Match on the string "Ethernet" in the entries below and return every matching line.

EXERCISE INPUTS>

————————

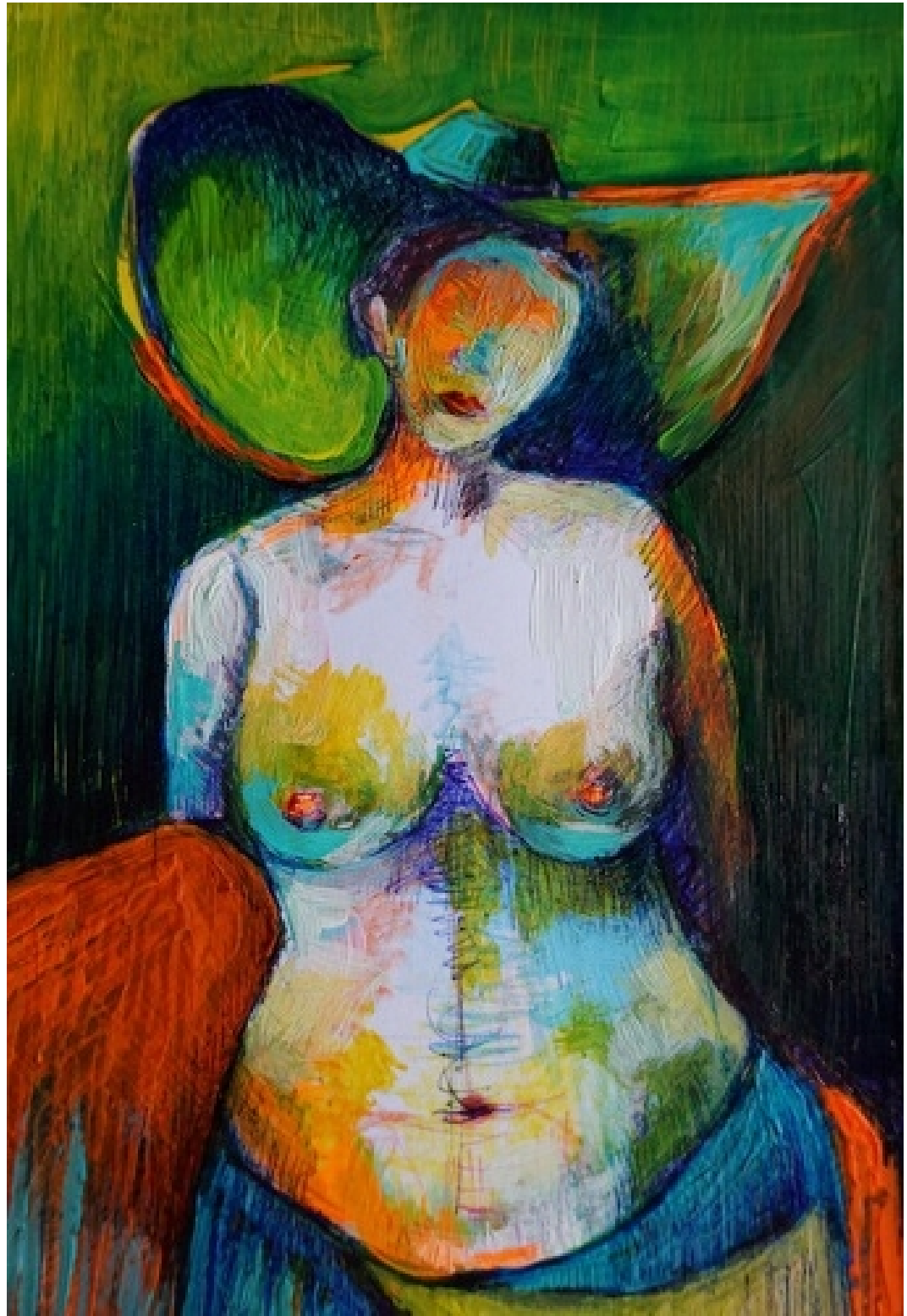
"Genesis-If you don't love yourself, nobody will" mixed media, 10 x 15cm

————————

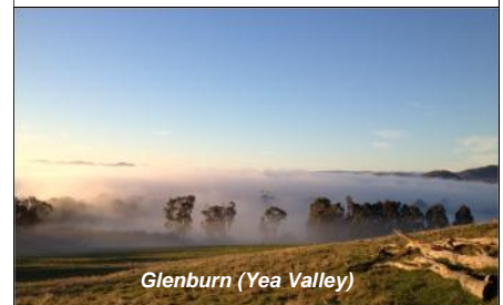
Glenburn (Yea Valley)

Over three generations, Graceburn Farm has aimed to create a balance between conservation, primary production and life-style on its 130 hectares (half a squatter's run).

————————

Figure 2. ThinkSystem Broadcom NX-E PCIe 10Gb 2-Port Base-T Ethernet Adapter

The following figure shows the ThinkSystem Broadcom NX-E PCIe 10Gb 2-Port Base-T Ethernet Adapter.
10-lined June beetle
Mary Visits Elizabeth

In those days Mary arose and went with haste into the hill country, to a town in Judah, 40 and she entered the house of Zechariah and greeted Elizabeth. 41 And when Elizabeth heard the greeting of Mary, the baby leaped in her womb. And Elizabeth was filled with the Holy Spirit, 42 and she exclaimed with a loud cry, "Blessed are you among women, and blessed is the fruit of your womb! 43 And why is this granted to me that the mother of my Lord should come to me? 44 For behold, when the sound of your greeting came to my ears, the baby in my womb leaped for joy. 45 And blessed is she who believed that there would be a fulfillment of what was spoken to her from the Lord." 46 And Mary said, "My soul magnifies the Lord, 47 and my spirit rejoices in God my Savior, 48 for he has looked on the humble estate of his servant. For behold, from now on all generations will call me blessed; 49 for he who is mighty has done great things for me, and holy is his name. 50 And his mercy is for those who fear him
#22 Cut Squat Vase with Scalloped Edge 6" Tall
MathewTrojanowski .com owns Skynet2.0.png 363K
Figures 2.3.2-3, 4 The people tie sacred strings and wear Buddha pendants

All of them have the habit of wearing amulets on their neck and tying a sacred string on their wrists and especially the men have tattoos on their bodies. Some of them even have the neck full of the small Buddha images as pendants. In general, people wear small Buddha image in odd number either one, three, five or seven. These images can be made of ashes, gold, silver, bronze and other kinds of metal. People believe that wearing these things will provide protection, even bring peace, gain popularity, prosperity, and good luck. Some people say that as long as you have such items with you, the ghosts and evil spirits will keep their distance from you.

————————

REPLY TO THE EXERCISE>
Figure 2. ThinkSystem Broadcom NX-E PCIe 10Gb 2-Port Base-T Ethernet Adapter
The following figure shows the ThinkSystem Broadcom NX-E PCIe 10Gb 2-Port Base-T Ethernet Adapter.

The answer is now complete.